I hope that July 21, 1899, didn't produce too many suicidal individuals...maybe the Virgo-Pisces axis were the hardest hit, with the potent, heavy hitting planets in Gemini and Sagittarius forming the cross.

He has no final planetary dispositor, instead has a quorum Sun, Moon, Mercury, Mars, Jupiter, Saturn chain...ruled by committee...not of one mind, erratic and changeable. Neptune on the S Node wasn't good, either.

Though he was considered one of the greats by his contemporaries, I never appreciated his poetry, but I'm not one to favor poetry. His poetry seems pretentious or forced, to me.

Twilight said...

mike ~ Ah yes, thanks - I see the date now - those black background blogs can be an irritation to the eyes, so I exit asap!

I quite liked the two poems I posted. I do enjoy poetry reading - all poetry has to be a tad pretentious I guess - that's an inherent part of it, and of poets in general.
If they weren't pretentious they'd write short stories or novels or reports for newspapers. Lol - I should wash my mouth out now!

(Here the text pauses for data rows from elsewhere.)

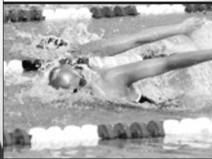
Sophomore • IM, Freestyle Loveland, Colo. • Thompson Valley High School '03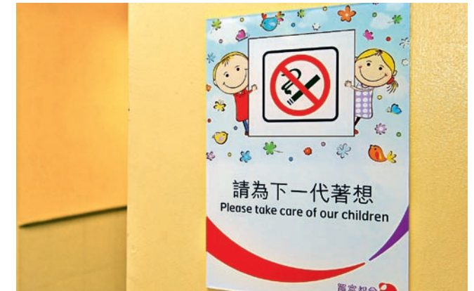
▲ 繽紛的禁煙標誌較傳統標誌更能吸引小孩與家長的注意。 The tailor-made colourful no-smoking sign can attract the attention of children and parents.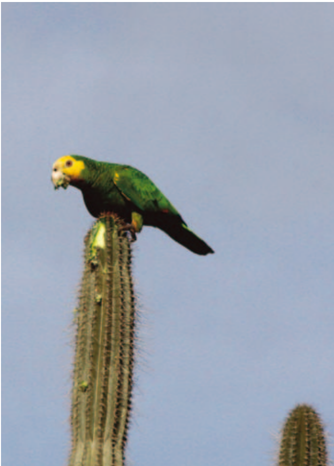
An endangered Yellow-shouldered Amazon ( Amazona barbadensis ) feeding on a Candelabra Cactus ( Cereus repandus ) in Bonaire.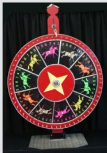
Horse Race Game Wheel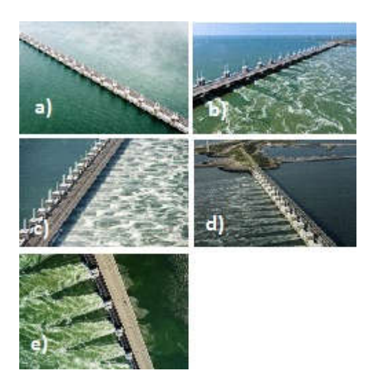
Fig 3. The Eastern Scheldt Storm Surge Barrier, showing water currents during the tidal cycle. The North Sea is to the left in all photos. (a) Slack tide (no current, no turbulence); (b) flood tide (weak current and turbulence on the Eastern Scheldt side); (c) flood tide (strong current and turbulence on the Eastern Scheldt side); (d) Ebb tide (weak current and turbulence on the North Sea side); and (e) ebb tide (strong current and turbulence on the North Sea side). (Source: Rijkswaterstaat Beeldbank).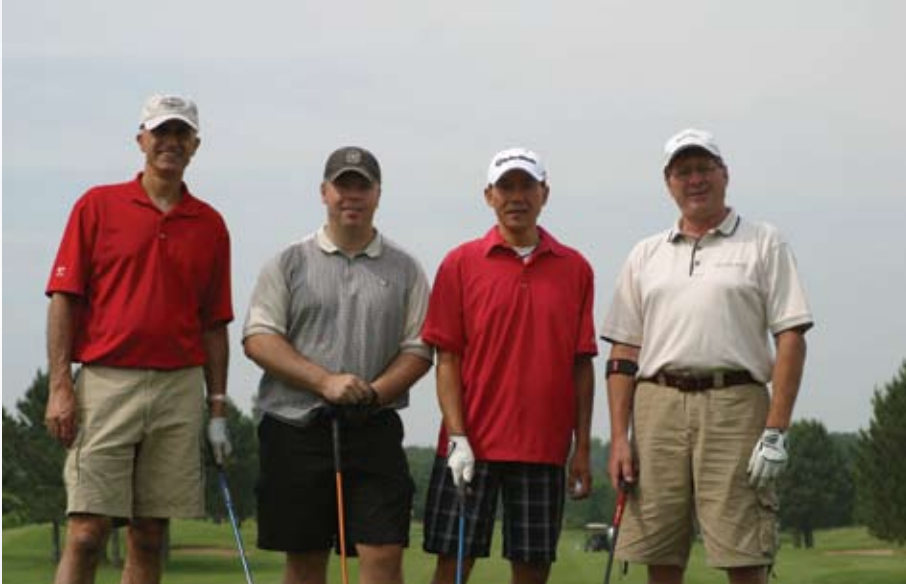
2008 Tournament Champions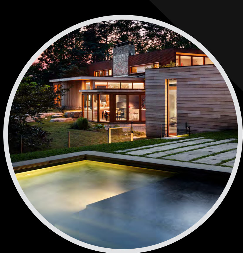
Pools & Spas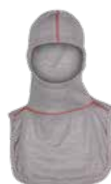
PX2 VSRED GY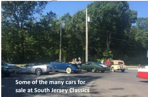
Some of the many cars for sale at South Jersey Classics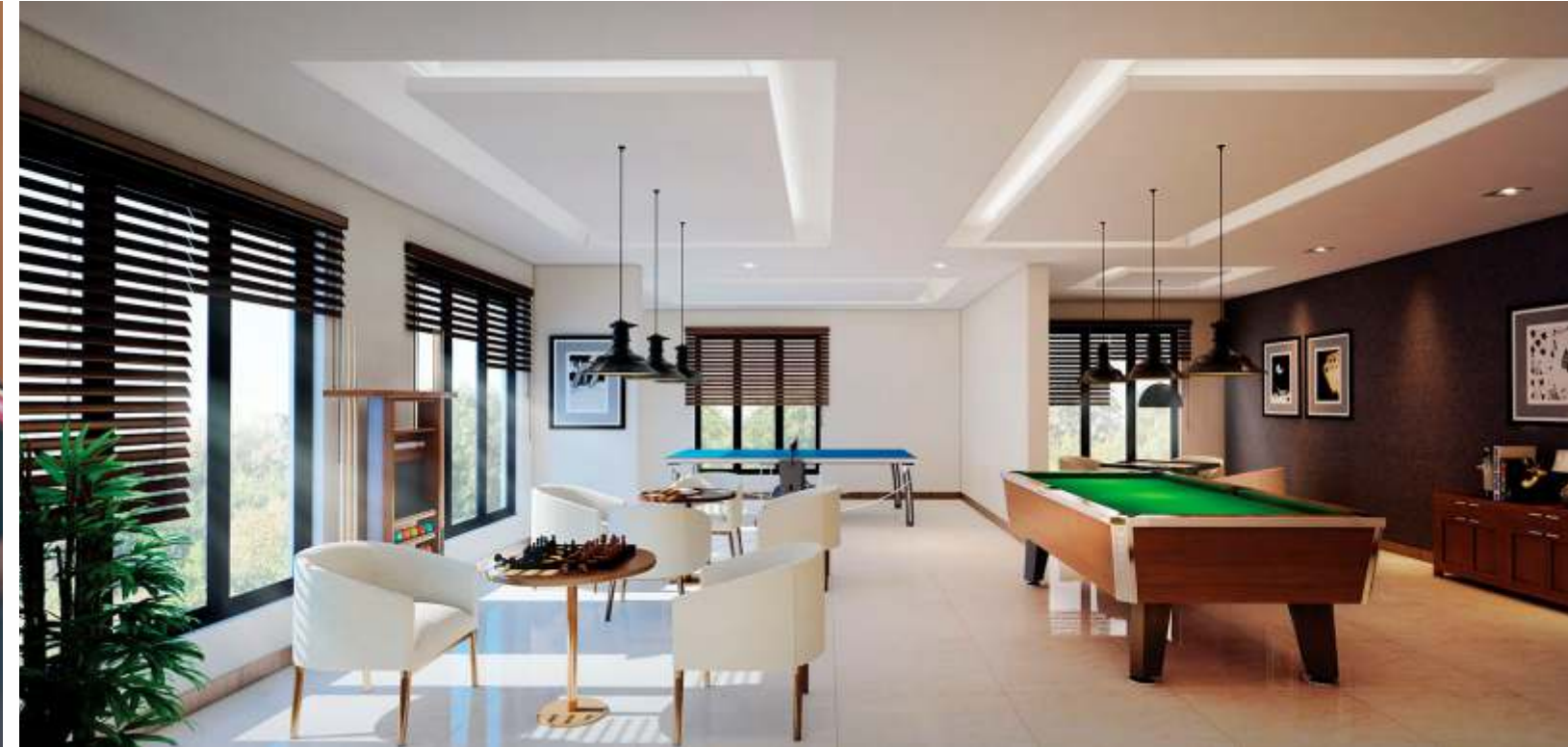
TABLE TENNIS MULTIPURPOSE HALL LIBRARY GYMNASIUM GAME ZONE

your very own recreation zone — CLUBHOUSE FEATURES —

Thanks for the additional astrological pointers.

mike (again) said...

I've never had the intellect for poetry. Way back when I was in the early grades of school, we often had English assignments to discern the meaning behind various poetry. I inevitably found meaning that didn't exist to others...LOL. I don't think in metaphorical or figurative terms. On occasion, I don't "get" a joke, because I take it literally...only when people laugh that I know I need to decipher. Add to it, I lack cadence of rhythm. I stuttered as a child and I've never been a second language person...I could only take one semester of college Spanish, because I began to apply the rules of Spanish to my native English. I finally completed my college, second language requirement through computer science programming language.

Twilight said...

mike (again) ~ Yes, I do, kind of, understand your take on poetry. I read it, myself, more as though I'm reading song lyrics, first for rhythm, and second for a flimsy veil of meaning. I think some school teachers' demands for finding "hard" meanings in poems does spoil poetry for some readers; that's a shame. I like to find the "feel" and "atmosphere" of a poem rather than a definite meaning...a bit like astrology I guess. Sad, melancholy poems can help through difficult times I've found.